Dec 4 2014 | By More

✭✭✭✭✩    Flashes of brilliance

King’s Theatre: Sun 29 Nov 2014 – Sun 18 Jan 2015

Shiny, snappy and energetic, Aladdin at the King’s sacrifices some of the traditional interaction of a panto, but remains a highly satisfying production.

The well established trio of Allan Stewart, Andy Gray and Grant Stott are front and centre as always, but Aladdin does benefit from a strong, simple and easily recognised central plot, which is given sufficient respect here in a noticeably fast-paced production.

Abanazar (Grant Stott) Widow Twankey (Allan Stewart) and Wishee Washee (Andy Gray). Photo: Douglas Robertson

Grant Stott, Allan Stewart and Andy Gray. Photo: Douglas Robertson

Director Ed Curtis’s determination to get on with things is shown by the opening scene, which is the traditional prologue detailing the evil plans of Abanazar (Stott). The immediate appearance of “the evil cobra”, the first of several impressive effects in the show, means we really hit the ground running.

Stott continues to grow as a performer who can be relied upon to chip in with a couple of effective songs. The rapport between the three regular principals remains obvious, with just about the right amount of in-jokes, ad-libs and moments where things (apparently) go wrong.

The downside to this could be an element of cosiness and coasting, but that never really happens here. From the moment Stewart’s Widow Twankey appears on the stage, giving it laldy in a version of Shout, he gives a committed, endearing performance.

Gray, meanwhile, gives full rein to his comic talents as Wishee Washee, and his beatific smile after delivering a line that goes way beyond cheesy shows that he knows exactly what he can – and cannot – get away with.

The highlight of the three regulars’ routines is probably a tongue-twister sequence, which makes clever use of the stage, with Stewart constantly clomping backwards and forwards from Gray on one side to Stott on the other, drawing out the anticipation in what is already an exquisitely-timed routine.

snappy local references

The level of double entendre is perhaps lower than usual, with many of the gags being pleasingly silly rather than verging on blue. It is also noticeable that there is far less reliance on dated ‘oriental’ stereotypes than would once have been the case. Instead, Stewart and Michael Harrison’s script includes some snappy local references and a few topical jokes, at least one of which has some real bite.

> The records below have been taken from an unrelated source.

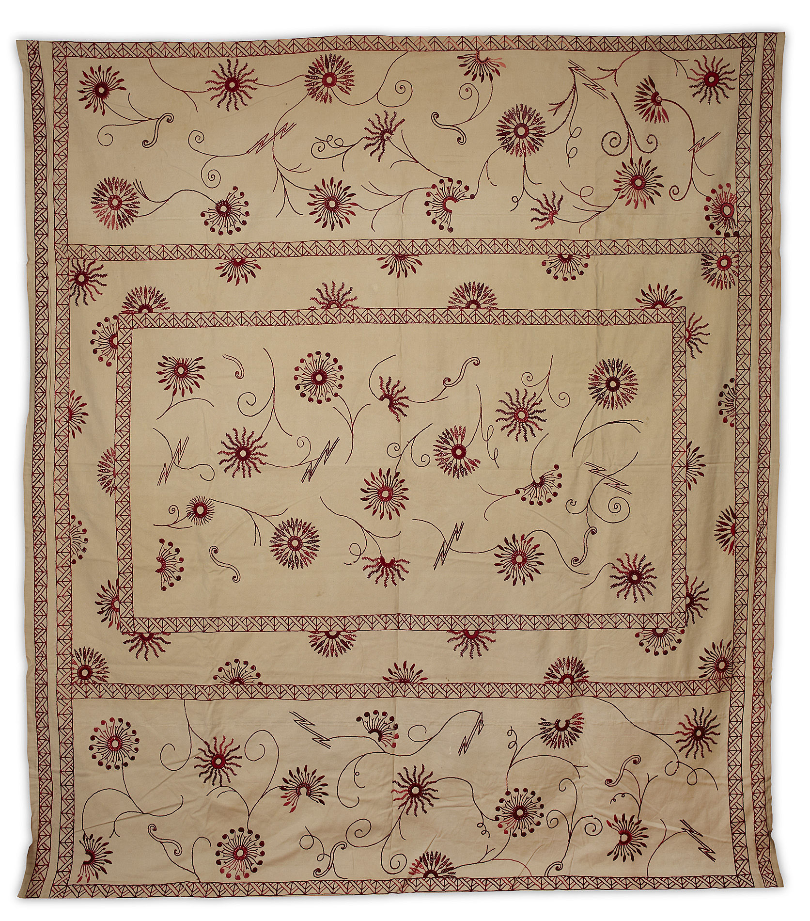 the buff cotton ground with allover rectangular panels enclosing stylised floral sprigs worked in ruby red threads, lined
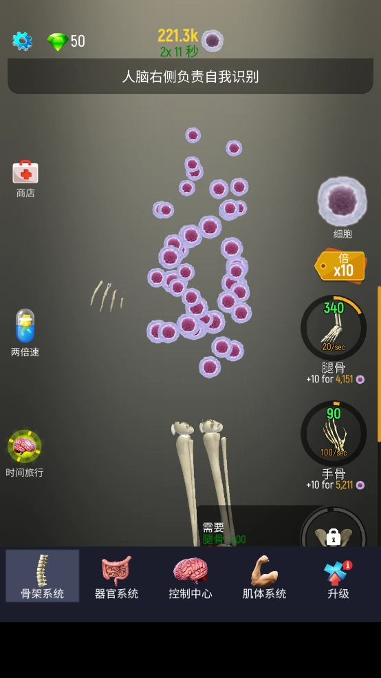 空闲人类汉化版(Idle Human)是一款能帮助玩家深入了解人体结构的休闲游戏。在游戏里,玩家需要通过细胞来逐步构建完整的人体。游戏内容并不复杂,但需要投入一定时间精力,好在它采用点击式操作。要是想加快游戏进度,玩家可以选择观看广告来达成。
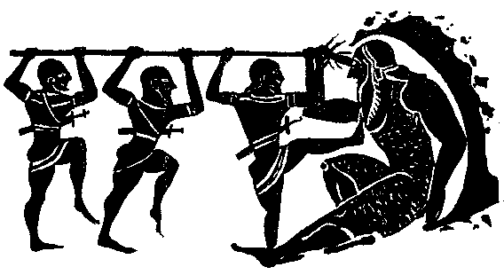 Тогда дал Одиссей знак товарищам, схватили они заостренный конец бревна, подожгли его на костре и вонзили в глаз циклопу. Заревел он от страшной боли.

Aladdin (Greg Barrowman) with babes. Photo Douglas Robertson

Aladdin (Greg Barrowman) with babes. Photo Douglas Robertson

Greg Barrowman (Aladdin) shows he has put the time understudying his cousin John to good use, and comes across as a cheekily likeable performer. If, as seems likely, the traditional Principal Boy has disappeared from mainstream panto, at least the fresh-faced, gallus energy he supplies is an acceptable substitute.

Miriam Elwell-Sutton’s Princess Jasmine seems oddly low-key, but her duets with Barrowman are pleasing enough and they never outstay their welcome, as the romantic interludes in pantomimes are wont to do. Lisa Lynch’s Slave of The Ring is an interesting performance, opting for a naturalistic acting style that seems a long way from the more mannered ‘magical’ performance that might be expected, but that works surprisingly well.

James Paterson’s Emperor, with his huge, booming voice, is the exact opposite, but has great presence and makes the most of his limited time onstage, particularly in the final chaotic comedy routine.

The dance ensemble seems oddly small, particularly when not boosted by the excellent young performers from the Edinburgh Dance Academy, but they are always well drilled and lively, with Stillie Dee’s choreography being consistently good.

Abanazar (Grant Stott) with dancers. Photo: Douglas Robertson

Abanazar (Grant Stott) with dancers. Photo: Douglas Robertson

The technical side of the performance is strong, with plenty of bangs, flashes, costume changes, special effects and a well-staged swordfight. The overall effect is extremely slick and there really is hardly a dull moment.

What is missing is a high degree of audience participation. After the welcome return of the songsheet last year, there is nothing like that here, and even the direct interaction with the audience at which Stewart excels is kept to a bare minimum. This is a disappointment, but is more than made up for by the level of energy and fun kept up throughout, which means that the time fairly flies by.

Running time 2 hours including interval
King’s Theatre, 2 Leven Street EH3 9LQ
Saturday 29 November 2014 – Sunday 18 January 2015
Tue-Sat: 2pm, 7pm; Sun: 1pm, 5pm. Times vary Christmas/New Year.